* [DATA]:
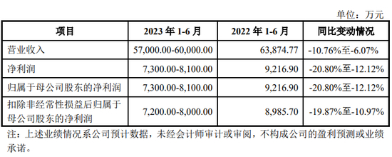 2023年1-6月,发行人预计实现营业收入57,000.00万元至60,000.00万元,较去年同期下降10.76%至6.07%;预计实现净利润和归属于母公司股东的净利润7,300.00万元至8,100.00万元,较去年同期下降20.80%至12.12%;预计实现扣除非经常性损益后归属于母公司股东的净利润7,200.00万元至8,000.00万元,较去年同期下降19.87%至10.97%。发行人2023年1-6月业绩同比下滑主要系受市场因素和原材料价格下降影响,主要产品销售价格有所下降。
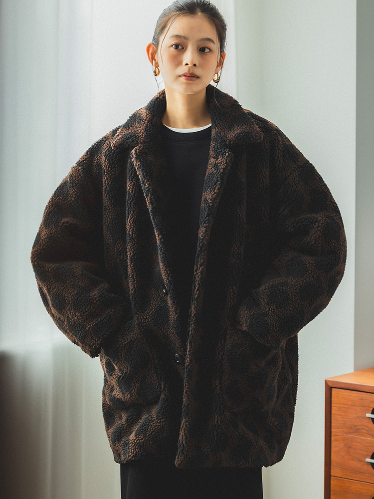 黒のワントーンが引き立てる、大胆なウサギ柄をあしらったボアブルゾン。ボアの豊かな質感が上質な風合いを叶え、上品なエッジをほんのり添えてくれる。
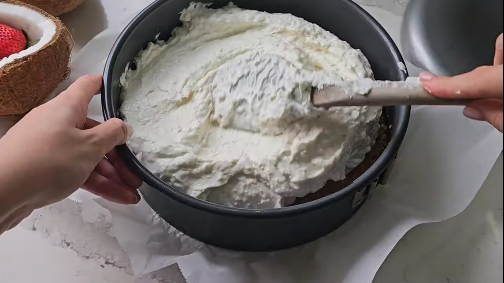 No-bake! Coconut-Strawberry cheesecake
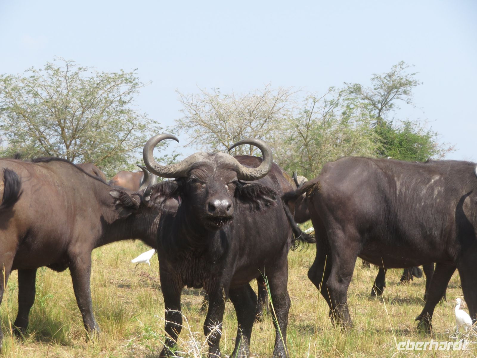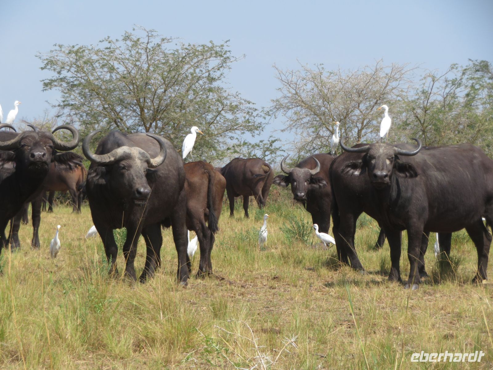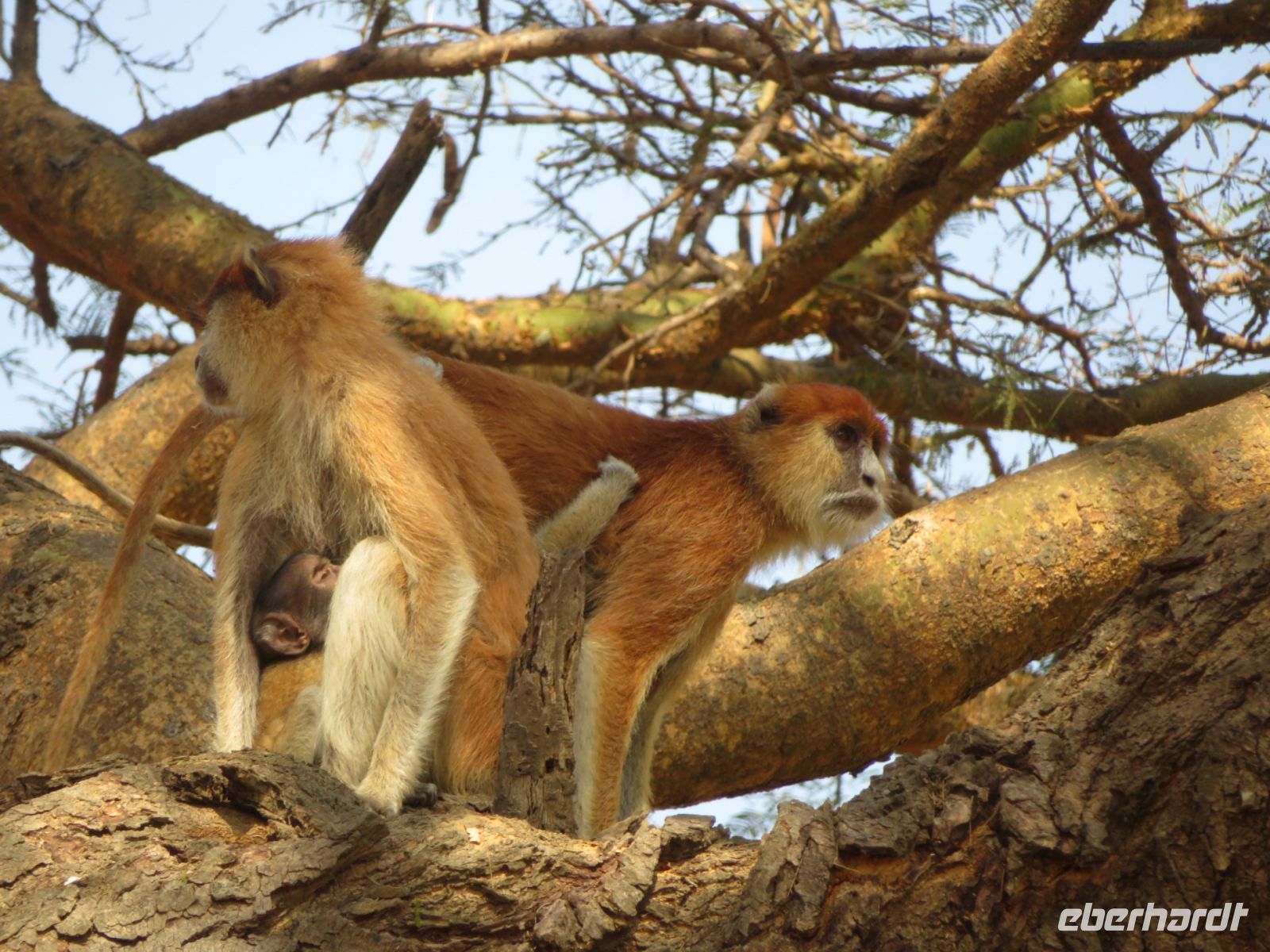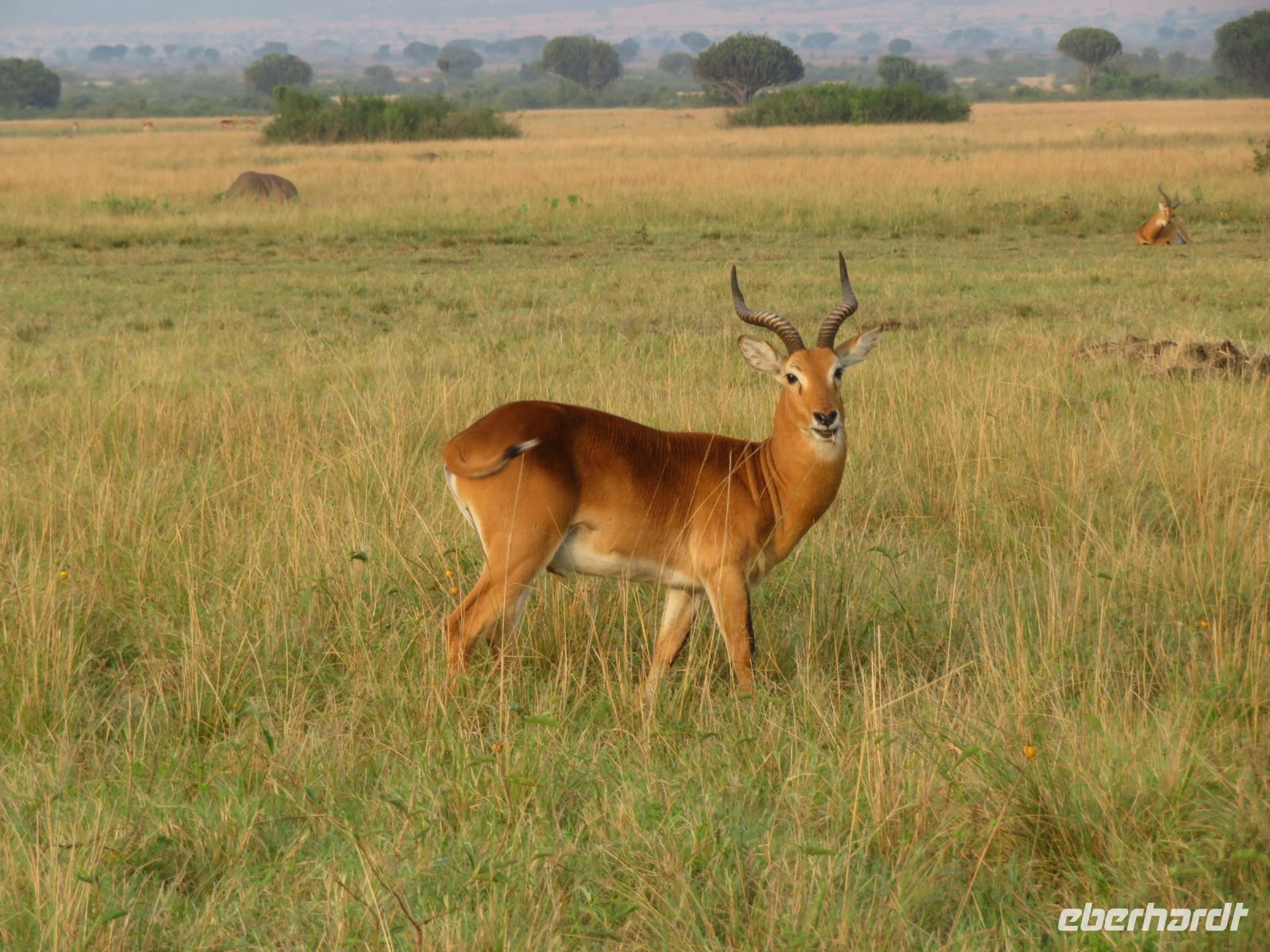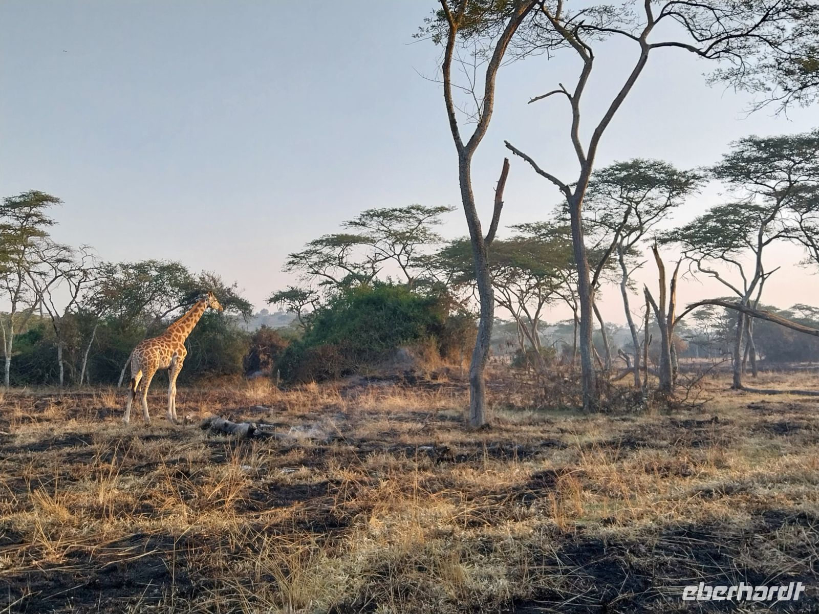 Am frühen Morgen, kurz vor Sonnenaufgang, starteten wir zu unserem Gamedrive im Murchison Falls-Nationalpark. Zuerst sahen wir eine Hyäne und anschließend viele weitere Tiere, z. B. Oribis, Kuhantilopen, Schlangenadler, Büffel, Kop (das Nationaltier Ugandas), unzählige Giraffen, Abdomenstörche, einige Elefanten, Warzenschweine sowie Hornraben, Geier und Patas-Affen.

* [AIM OF THE TASK]: Your copy of the data above should match it exactly, apart from the images.

* [ANSWER FOR THE TASK]:
 2023年1-6月,发行人预计实现营业收入57,000.00万元至60,000.00万元,较去年同期下降10.76%至6.07%;预计实现净利润和归属于母公司股东的净利润7,300.00万元至8,100.00万元,较去年同期下降20.80%至12.12%;预计实现扣除非经常性损益后归属于母公司股东的净利润7,200.00万元至8,000.00万元,较去年同期下降19.87%至10.97%。发行人2023年1-6月业绩同比下滑主要系受市场因素和原材料价格下降影响,主要产品销售价格有所下降。
 黒のワントーンが引き立てる、大胆なウサギ柄をあしらったボアブルゾン。ボアの豊かな質感が上質な風合いを叶え、上品なエッジをほんのり添えてくれる。
 No-bake! Coconut-Strawberry cheesecake
 Am frühen Morgen, kurz vor Sonnenaufgang, starteten wir zu unserem Gamedrive im Murchison Falls-Nationalpark. Zuerst sahen wir eine Hyäne und anschließend viele weitere Tiere, z. B. Oribis, Kuhantilopen, Schlangenadler, Büffel, Kop (das Nationaltier Ugandas), unzählige Giraffen, Abdomenstörche, einige Elefanten, Warzenschweine sowie Hornraben, Geier und Patas-Affen.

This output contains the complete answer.